- Irugur Location in Tamil Nadu, India
- Coordinates: 11°01′05″N 77°03′50″E﻿ / ﻿11.018°N 77.064°E
- Country: India
- State: Tamil Nadu
- District: Coimbatore

Area
- • Total: 11.65 km^{2} (4.50 sq mi)

Population (2011)
- • Total: 25,691
- • Density: 2,205/km^{2} (5,712/sq mi)

Languages
- • Official: Tamil
- Time zone: UTC+5:30 (IST)
- Telephone code: +91-422
- Vehicle registration: TN 37, TN 66

= Irugur =

Suburb of Coimbatore, Tamil Nadu, India

Irugur is a panchayat town in Sulur taluk of Coimbatore district in the Indian state of Tamil Nadu. It is located in the north-western part of the state. Spread across an area of 11.65 km2, it had a population of 25,691 individuals as per the 2011 census.

== Geography and administration ==
Irugur is located in Sulur taluk of Coimbatore district in the Indian state of Tamil Nadu. Spread across an area of 11.65 km2, it is one of the 33 panchayat towns in the district. It is located in the western part of the state. The region has a tropical climate with hot summers and mild winters. The highest temperatures are recorded between March and May, with lowest recordings in December–January. The Irugur Junction railway station is a railhead in the Southern Railway zone that serves the region. It is located in the Jolarpettai–Shoranur line between Tiruppur and Coimbatore North.

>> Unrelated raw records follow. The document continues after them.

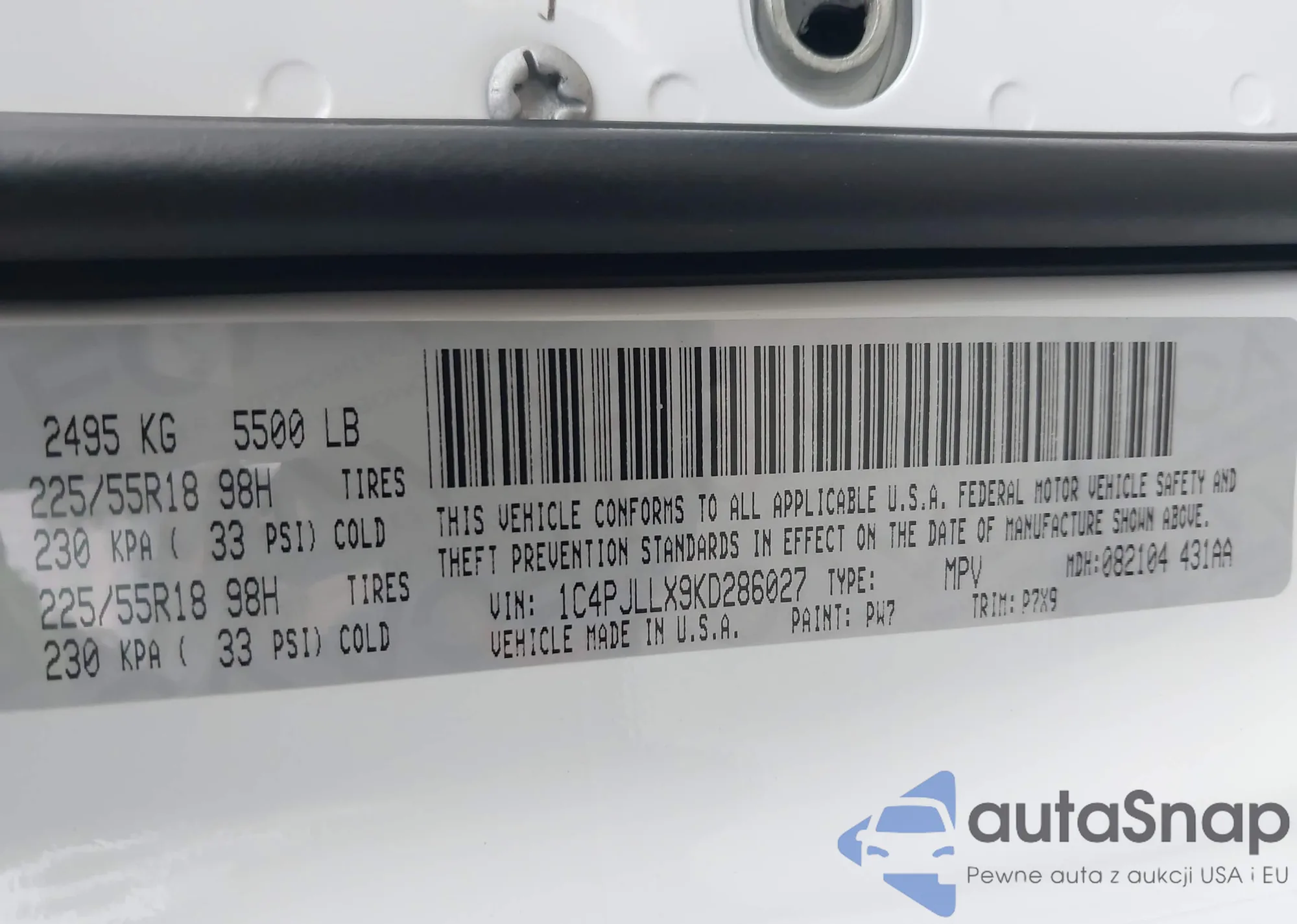 • VIN 2C3CDZC98PH573836
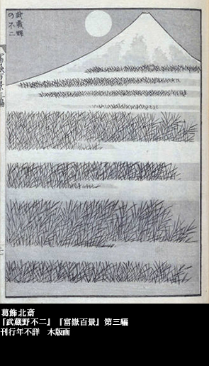 近世初期、「武蔵野図屏風」と呼ばれる、風情に富む武蔵野の原野を描いた屏風絵が流行した。手前に秋の草花を配し、奥に富士山が姿を見せるという構図がいくつも見られるが、北斎はそれを踏まえてこの絵を描いたらしい。
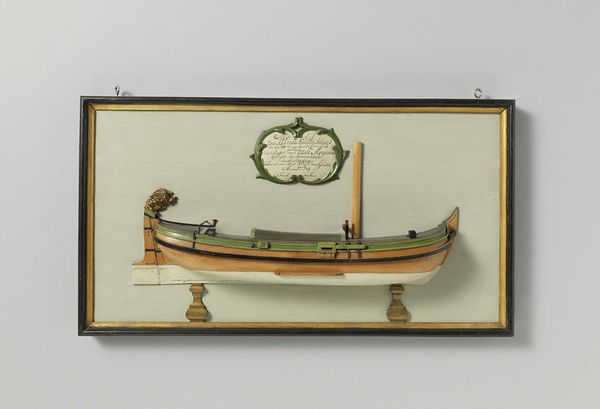 This half-model of an Amsterdam war frigate was crafted by Charles Bentam, using wood, metal, and paint. The materiality of the model speaks to the broader context of maritime power and trade. Notice how the wooden hull is carefully shaped, a testament to both the skill of the model maker and the shipbuilding traditions of the time. The weight and density of the wood convey the sense of a vessel designed for both transportation and naval force. The dark, sleek paint job, combined with touches of metal, emphasizes its capacity for both function and warfare. Making this model involved a highly skilled process, demonstrating an understanding of shipbuilding techniques and naval architecture. This wasn't just an artistic endeavor; it was a representation of Dutch maritime dominance, a testament to the labor, resources, and technological prowess of the time. Thinking about how this model was made – the materials used, the processes involved – sheds light on the broader social and cultural significance of shipbuilding and trade in Amsterdam. It challenges our conventional notions of fine art, showing us how craft and design were deeply intertwined with power, politics, and commerce.

The town panchayat is headed by a chairperson, who is elected by the members, who are chosen through direct elections. The town forms part of the Sulur Assembly constituency that elects its member to the Tamil Nadu legislative assembly and the Coimbatore Lok Sabha constituency that elects its member to the Parliament of India.

==Demographics==
As per the 2011 census, Irugur had a population of 25,691 individuals across 7,459 households. The population saw a marginal increase compared to the previous census in 2001 when 18,622 inhabitants were registered. The population consisted of 12,909
males and 12,782 females. About 2,340 individuals were below the age of six years. The entire population is classified as urban. The town has an average literacy rate of 86.1%. About 21.3% of the population belonged to scheduled castes.

About 46.7% of the eligible population were employed full-time. Hinduism was the majority religion which was followed by 89.4% of the population, with Christianity (6.9%) and Islam (3%) being minor religions. Nilakandaeshwarar Temple is a notable Hindu pilgrimate site in the town. It consists of inscription dated to the reign on Uthama Chola (971-981 CE).